¿Y si la realidad ha estado leyendo a Dean Koontz y no a Stephen King?

Apenas tenemos mapas de ficción del principio del fin del mundo. Quizá por eso asaltamos supermercados cuando parece que se acerca.

El año 1978, Stephen King publicó una novela, Apocalipsis, en la que la humanidad se extinguía por un aparentemente ridículo catarro. Tres años después, su entonces aún amenazante némesis, Dean R. Koontz, hizo lo que tendía a hacer en aquel entonces, cuando aún creía que podía no solo pisarle los talones sino llegar a apartarlo del camino. 

Publicar una novela que tenía el mismo aspecto, solo que desde un punto de vista contrario. Es decir, si King se centraba en los supervivientes a la catástrofe años después del fin de la pandemia, Koontz –¿se dan cuenta lo divertido del antiespejo de la propia elección del nombre de Dean, King-Koontz?– lo hacía en el laboratorio que creaba el virus con, por supuesto, una historia de familia desestructurada –madre e hijo, solos ante el peligro– de por medio.La casualidad, o no, ha convertido estos días a Koontz en una especie de Nostradamus de lo bacteriológico catastrofista. 

¿Por qué? Koontz fue más lejos que King también en aquella ocasión, como ya lo había hecho antes, en un intento por distanciarse de lo que en publicidad se llamaría la marca líder, es decir, aquello que primero te viene a la cabeza cuando piensas, en este caso, en la literatura de terror. Y no solo por convertir el aparentemente inocuo pero letal catarro de King en una neumonía casi instantánea e igualmente mortal sino porque alejó cualquier peligro de los Estados Unidos, por entonces, en plena Guerra Fría aún con la URSS, y lo situó en la improbable ciudad china de Wuhan. 

En concreto, en un laboratorio encargado de fabricar tan letal virus, llamado Wuhan-400. Es decir, el virus en cuestión sería una arma bacteriológica china, literalmente “la más peligrosa de la década”. ¿Seguimos para bingo nostradámico? Koontz sitúa la acción a finales de 2019 y principios de 2020. Leído esto, es lógico preguntarse: ¿y si la realidad ha estado leyendo a Dean Koontz y no a Stephen King?

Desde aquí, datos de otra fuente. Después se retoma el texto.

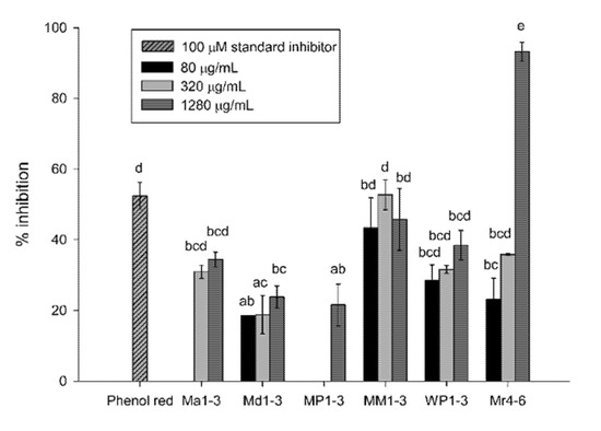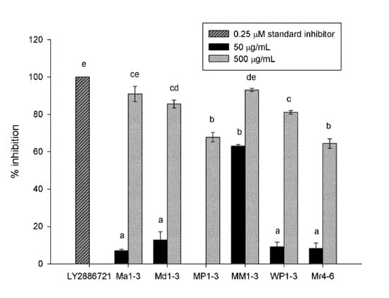 Percentage inhibition of β-secretase (BACE) of Mentha australis (Ma1-3), M. diemenica (Md1-3), M. spicata var. crispa (MM1-3), M. × piperita (MP1-3), M. × piperita var. officinalis (WP1-3) and M. requienii (Mr4-6). Results are presented as mean ± standard error (SE) (n = 3). Different letters indicate a significant difference at p < 0.05. 50 µg/mL MP1-3 resulted in no inhibition.

El asalto a los supermercados tras decretarse no ya el estado de alarma sino un confinamiento de carácter solidario –que fue endureciéndose a medida que pasaban no los días sino las horas–, en España e Italia, tiene mucho, para los lectores de novelas apocalípticas y postapocalípticas, de intento de seguir un mapa trazado desde el fin o el posfin del mundo. Porque son pocas las novelas preapocalípticas, y buena parte de ellas se centraban, hasta hacía no demasiado, en el corte eléctrico. 

Tanto miedo le tenía nuestra sociedad al fin de la información que lo que más temía no era la muerte, sino que ésta dejase de llegar. Hasta cuando empieza a acabarse el mundo en la reciente Los últimos, de Hannah Jameson (RBA), lo que más aterra al protagonista, aislado en un hotel de Suiza, es que las notificaciones del inicio del fin dejen de llegar a su teléfono móvil, y no que estén muriendo cientos de miles de personas en imprevistos ataques nucleares.

Así pues, hay una pandemia en marcha y asaltamos los supermercados porque eso es lo que nos ha dicho que debe hacerse la ficción apocalíptica, porque una pandemia tiene aspecto de fin del mundo en marcha y, cuando el mundo empieza a acabarse, no basta con que te digan que los suministros de las tiendas están garantizados. ¿Cómo van a estarlo? 

Necesitamos una ficción que asuma que el mundo puede empezar a acabarse y tardar mucho en hacerlo.